El joven, por su parte, hastiado de la insoportable sobreprotección a la que, desde muy niño, le tenía sometido su progenitora y que tras el accidente se había intensificado, desplegó una rebeldía como nunca antes había mostrado.

Así las cosas, no resulta difícil de imaginar el aislamiento y el blindaje tras el que Alberto se había parapetado.

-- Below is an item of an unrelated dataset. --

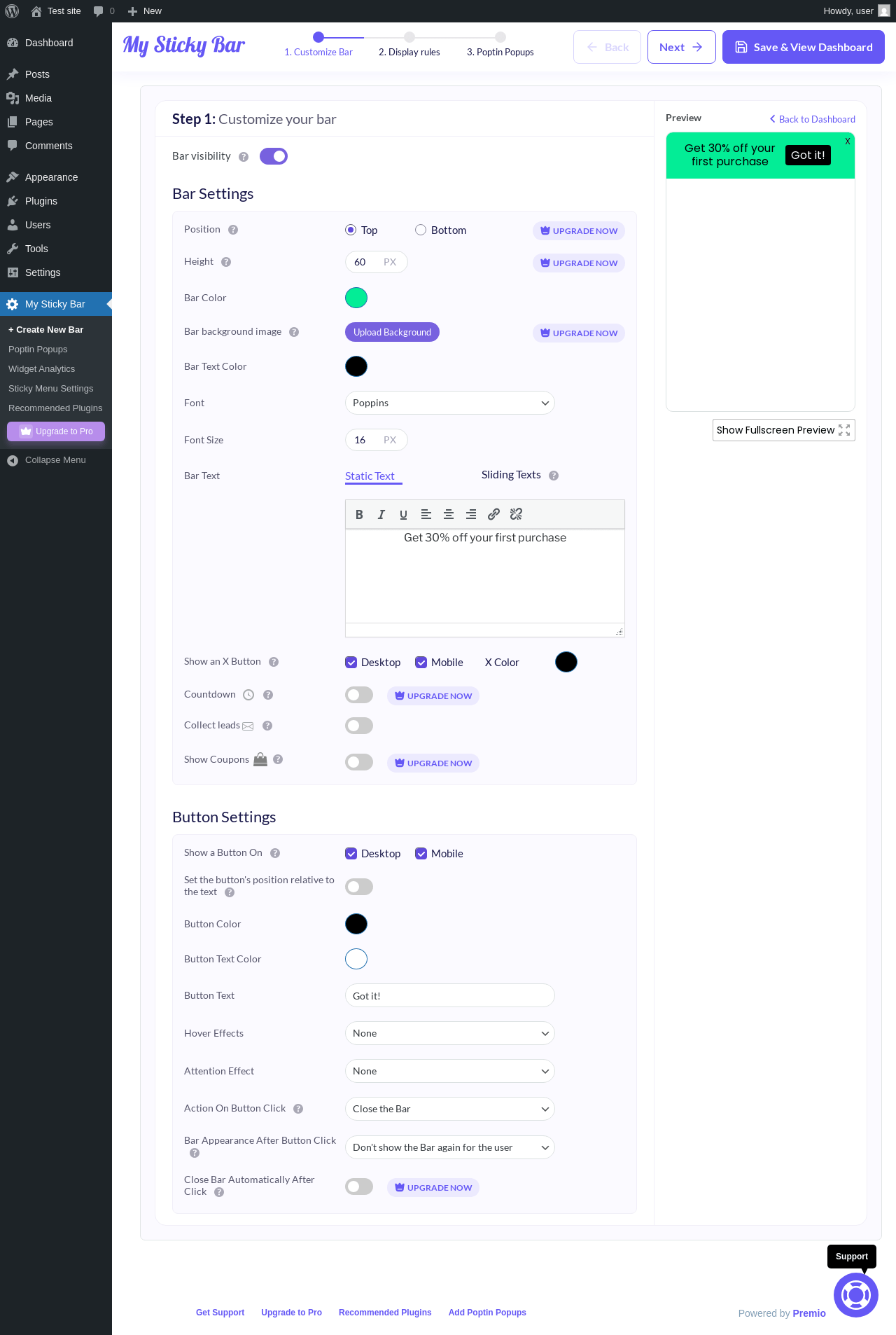 | URL | /wp-admin/admin.php?page=my-stickymenu-new-welcomebar |

Últimamente, a la lectura Alberto le había sumado alguna que otra aplicación informática para evitar que su cerebro estallara. Los juegos virtuales siempre le habían gustado. ¡Cuántas horas había dedicado a los juegos de guerra, encerrado en su habitación, hasta que su madre le llamaba insistentemente para cenar! Pero ahora se trataba de otro tipo de diversión, más tranquila, menos violenta y más saludable para la mente: mirar y remirar los álbumes de fotos en las que almacenada multitud de recuerdos de cuando era un chico feliz. Ahora, todos sus planes de futuro se habían esfumado. Todo aquello por lo que había suspirado se había desvanecido como la escarcha ante el calor del sol. Sus amigos se habían alejado de él. ¿O había sido él quien los había abandonado? Qué lejos quedaban los momentos de camaradería y las aventuras amorosas del instituto. Solo habían pasado dos años y parecía que hacía una eternidad. Solo recibió visitas de sus amigos durante los primeros meses. Luego debieron cansarse de su mal talante e insociabilidad.

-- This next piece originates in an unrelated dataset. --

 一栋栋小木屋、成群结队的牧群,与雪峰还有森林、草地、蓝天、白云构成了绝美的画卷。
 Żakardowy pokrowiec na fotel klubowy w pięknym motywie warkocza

A simple vista, podía parecer que se había resignado a su nuevo estado. Pero la rutina llevaba tiempo minando, cada vez más, su maltrecha entereza. Y los lentos avances médicos no auguraban que pudiera abandonar su situación actual y volver a una aceptable normalidad a medio-largo plazo. Era desesperante verse convertido en un muñeco de trapo de cintura para abajo.

Un día, por fin, accedió a sentarse frente a la ventana de su habitación que daba al patio de vecinos. «Por lo menos toma un poco el sol, que andas muy bajo de vitamina D», le había insistido su madre. Era un día luminoso y el calor del sol era realmente reconfortante.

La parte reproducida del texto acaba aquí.